Below is a listing with pictures in it; transcribe exactly the lines from the one that has "- 熊猫玄关装饰画奶油风" through the one that has "The Cozy Sweat", and omit those pictures.

── DATA SECTION ──

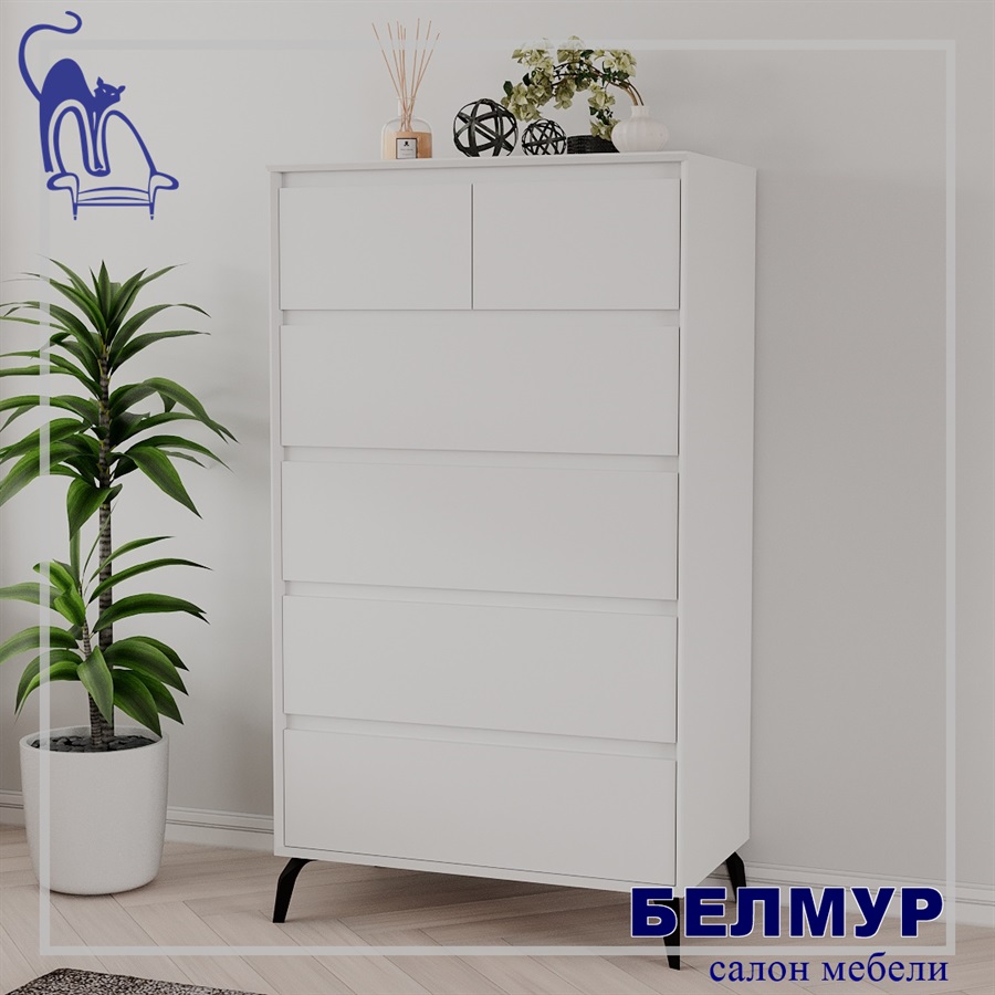 Комод Aleksa 5, 81.2х126.2х45, Белый премиум/Белый премиум/черный
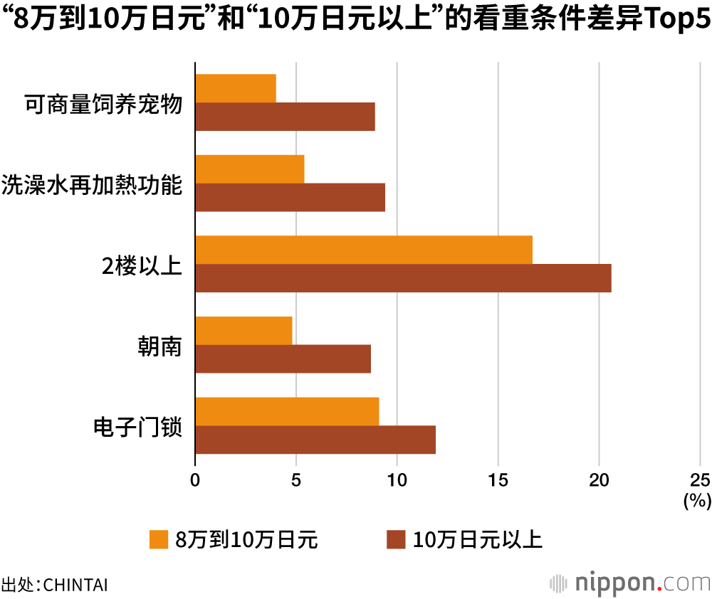 再来观察理想房租“8万到10万日元”和“10万日元以上”的受访者所看重的条件,诸如“可商量饲养宠物(可以饲养某些种类的宠物)”“洗澡水再加熱功能”“朝南”等,租客进一步追求舒适度和个性化生活方式的倾向加强,“旨在享受生活的住所选择”这种意识变得更加明确。
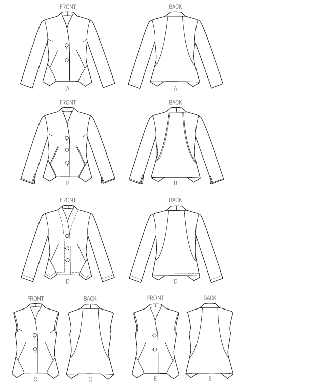 MISSES' JACKET AND VEST: Loose-fitting, unlined jacket or vest has front extending into back collar, front darts, back extending to lower side front, no side seams, and shaped hemline, wrong side may show. B: sleeves with slit, narrow hem and topstitching by hand. D: mock front band, stitched hems, back cut on crosswise grain. FABRICS: A,B,C: Moderate Stretch Knit: Ponte Knit, Knit Jacquard. D,E: Lightweight Linen, Silk Broadcloth. NOTIONS: Buttons: Two 11/8" for A,E; Three 7/8" for B; Two 1" for C; Three 11/8" for D.
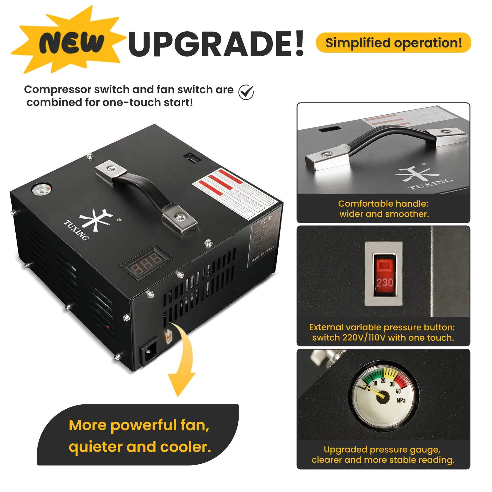 TUXING 300Bar PCP Air Compressor 110V/220V Adjustable Voltage High Pressure Air PUMP with 12VCar Power Supply for PCP Rifle Tank
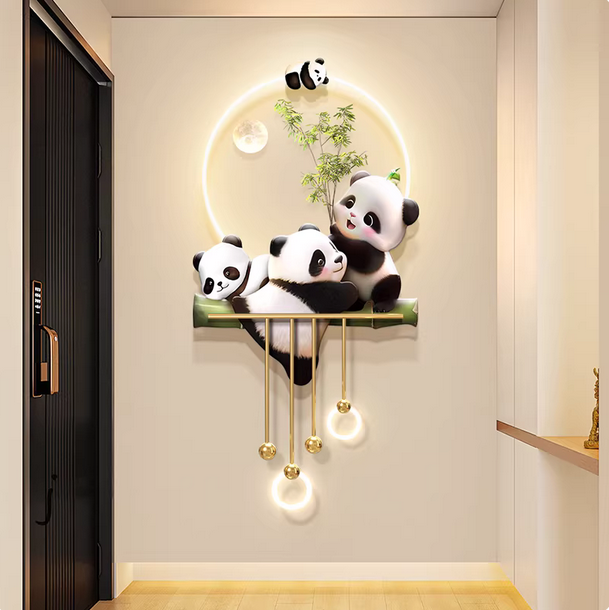 - 熊猫玄关装饰画奶油风
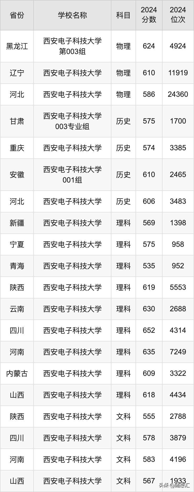2024西安电子科技大学录取分数线汇总:全国各省最低多少分能上
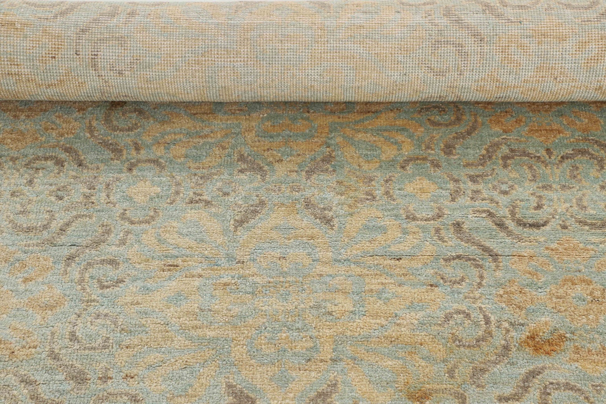 This handmade rug, featuring a brown x orange-toned base with a minimal touch of blue, offers a classic yet contemporary design that effortlessly brings warmth and calm to your home.
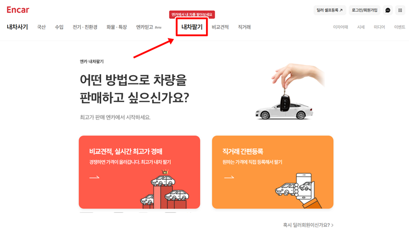 차량 구매뿐만 아니라, 내 차를 판매할 때의 시세가 궁금할 수도 있겠죠. 그럴 땐 '내차팔기' 메뉴를 이용해 보세요. 이곳에서는 내 차의 가치를 평가받고, 여러 전문가들의 비교 견적을 통해 가장 좋은 조건으로 판매할 기회를 잡을 수 있습니다. 내 차의 현재 가치를 가장 정확하게 알 수 있는 방법 중 하나예요.
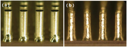 圖 9. 焊柱失效模式圖 (a). 普通錫柱 (b). 螺旋錫柱
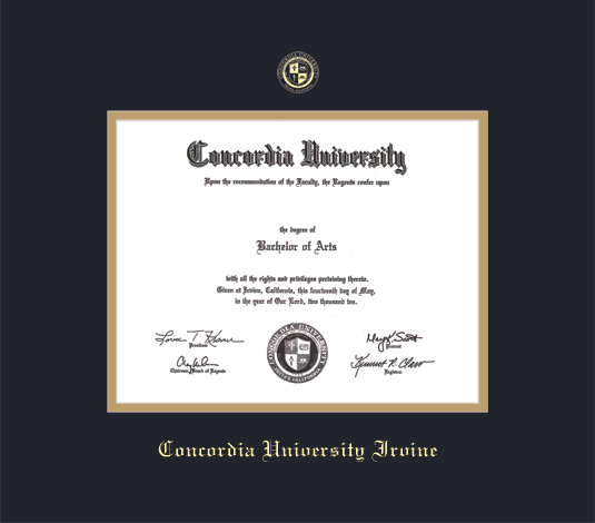 Concordia University Irvine Diploma (Pre 9/22) Frame with Black and Gold Double Mat and Gold Embossing
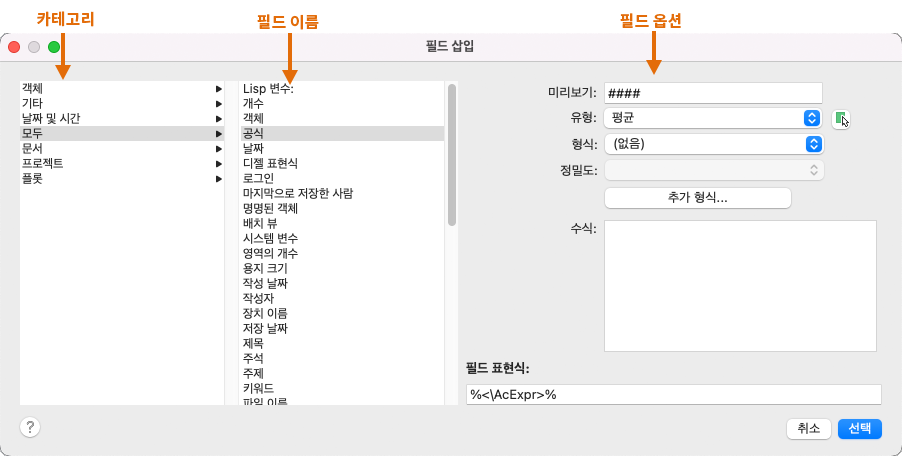 필드 삽입 대화상자에서 범주 및 필드 이름을 선택합니다.
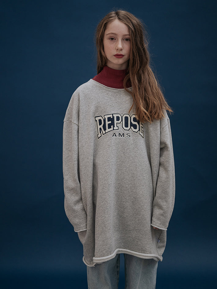 The Cozy Sweat Dress in Grey Melange by Repose AMS features a round neck. And raw edge details along the neckline and bottom hem, creating a relaxed oversized urban look. This comfortable piece comes with a bold college look chest logo materials: 100% organic cotton fleece (brushed on the inside) details: Oversized, relaxed fit Round neckline with raw edge detailing Raw edge finish at bottom hem Bold college chest logo Sustainable and eco-friendly
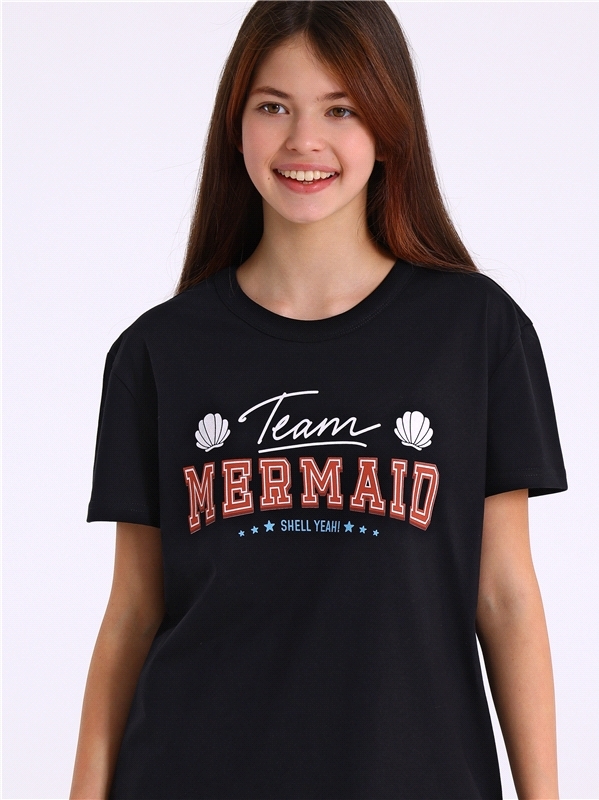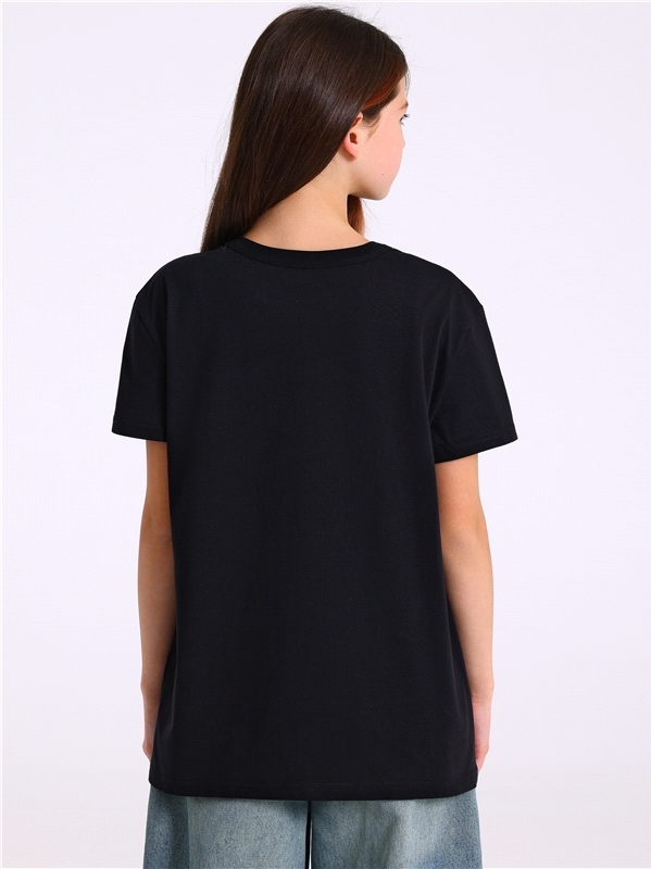 Футболка для девочки выполнена из кулира - легкого хлопкового полотна с лайкрой. Изделие с короткими рукавами:украшено печатью:имитирующей кружевной воротничок. Отличный вариант для школьницы на кажды... Показать описанией день! Уход: только машинная стирка (руками не стирать!) при температуре 40 градусов:без предварительного замачивания. Изделия с печатью и декором перед стиркой необходимо вывернуть на изнаночную сторону. Состав: кулир с лайкрой / хлопок 92% + лайкра 8%.
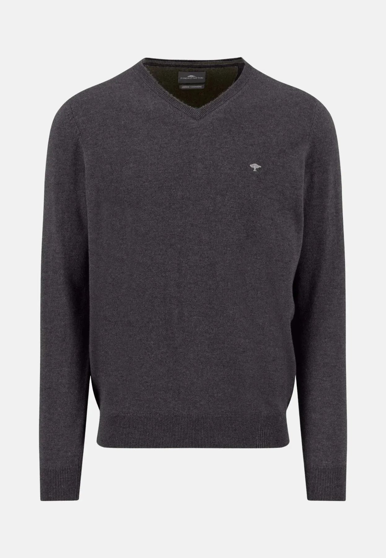 Merino Wool Cashmere V-Neck Knit Charcoal

───

[COMPLETED EXERCISE]
 - 熊猫玄关装饰画奶油风
2024西安电子科技大学录取分数线汇总:全国各省最低多少分能上
 This handmade rug, featuring a brown x orange-toned base with a minimal touch of blue, offers a classic yet contemporary design that effortlessly brings warmth and calm to your home.
 차량 구매뿐만 아니라, 내 차를 판매할 때의 시세가 궁금할 수도 있겠죠. 그럴 땐 '내차팔기' 메뉴를 이용해 보세요. 이곳에서는 내 차의 가치를 평가받고, 여러 전문가들의 비교 견적을 통해 가장 좋은 조건으로 판매할 기회를 잡을 수 있습니다. 내 차의 현재 가치를 가장 정확하게 알 수 있는 방법 중 하나예요.
 圖 9. 焊柱失效模式圖 (a). 普通錫柱 (b). 螺旋錫柱
 Concordia University Irvine Diploma (Pre 9/22) Frame with Black and Gold Double Mat and Gold Embossing
 필드 삽입 대화상자에서 범주 및 필드 이름을 선택합니다.
 The Cozy Sweat Dress in Grey Melange by Repose AMS features a round neck. And raw edge details along the neckline and bottom hem, creating a relaxed oversized urban look. This comfortable piece comes with a bold college look chest logo materials: 100% organic cotton fleece (brushed on the inside) details: Oversized, relaxed fit Round neckline with raw edge detailing Raw edge finish at bottom hem Bold college chest logo Sustainable and eco-friendly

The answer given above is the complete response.